Many children in Arizona are not being screened for potential learning delays and disabilities in the crucial early years, a time when intervention is most successful, according to a recently released brief from First Things First.
“While every child develops at their own pace, there are certain milestones they should reach from birth to 5 years old in how they play, learn, speak, behave and move,” said First Things First Chief Program Officer Michelle Katona. “Developmental screenings are a way to partner with families to learn about a child’s development and identify concerns that can point to a delay or disability. Sadly, many children in Arizona are missing the opportunity to have those issues identified early on.”
Recommendations from the AAP
The American Academy of Pediatrics recommends that pediatricians talk with families about their child’s development at every well-child visit between birth and 3 years old, and conduct developmental screenings at 9, 18 and 30 months of age. Children also may be screened by staff working with a variety of parenting education or family support programs in the community. Data presented in the Starting Strong brief show that, for many children, those screenings are not happening. For example:
- The 2016 National Survey of Children’s Health found that only 1 in 4 Arizona parents (26%) surveyed said that they were asked by a health-care provider to complete a developmental screening tool concerning their child’s development in the past year.
- The Arizona Health Care Cost Containment System (AHCCCS) indicated that in 2016 providers reported that only 1 in 5 (21%) of 1, 2 and 3 year-olds served by the program for the preceding year had received a developmental screening.

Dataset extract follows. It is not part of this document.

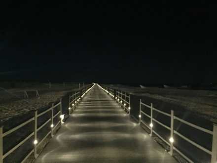Beleuchteter Steg zur Badebucht
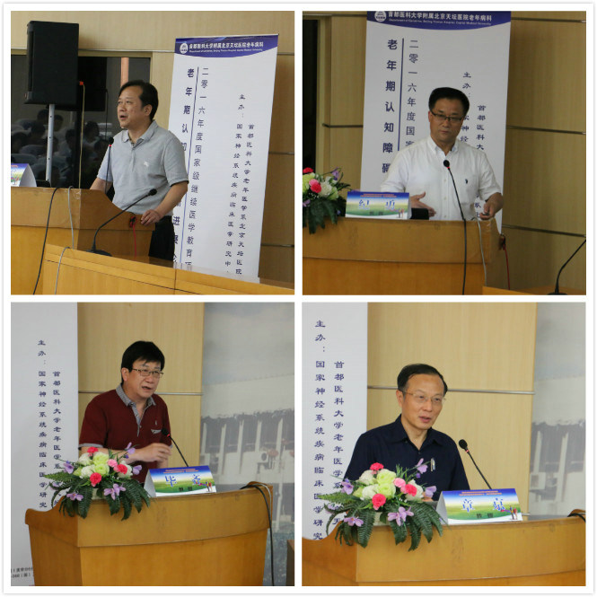中华医学会老年医学分会主任委员于普林教授(左上)、首都医科大学老年医学系主任委员陈彪教授(右上)致辞,中国人民解放军总医院王鲁宁教授(左下)、中华医学会北京老年医学分会主任委员吴青教授(右下)主持会议

In addition, families whose children have identified delays or disabilities may have difficulty accessing services and supports to address those issues due to a variety of systemic challenges, including:
- Many children with mild to moderate delays don’t meet the eligibility criteria for publicly- funded services through the Arizona Early Intervention (AzEIP) Program;
- Inconsistent quality in screening means many families are referred to AzEIP whose children are not eligible, frustrating families and stretching thin those limited early intervention dollars; and
- Difficulty for families to navigate the complex system of supports that do exist, particularly since those supports can vary community by community.
Improving quality screenings
The brief also details efforts by FTF, its state agency partners (such as AzEIP, AHCCCS, the departments of Health Services, Education and Economic Security; and the Arizona Schools for the Deaf and Blind), as well as community partners to improve the quality of screenings, to map the pathways to services for families, and to broaden the number and quality of those services. Those efforts include:
- Enhancing the information available to families on what typical development looks like, how to support children’s learning, and how to address concerns with their doctors;
- Training for professionals to improve the quality of screenings, enhance follow-up work with families, and ensure that families are appropriately referred for follow-up;
- Increasing understanding of the breadth of services available and how to help families access those services; and
First Things First also worked to expand the number of screenings. In fiscal year 2017 alone, 54,514 children received developmental, hearing and vision screenings to help detect issues that could become learning problems later on.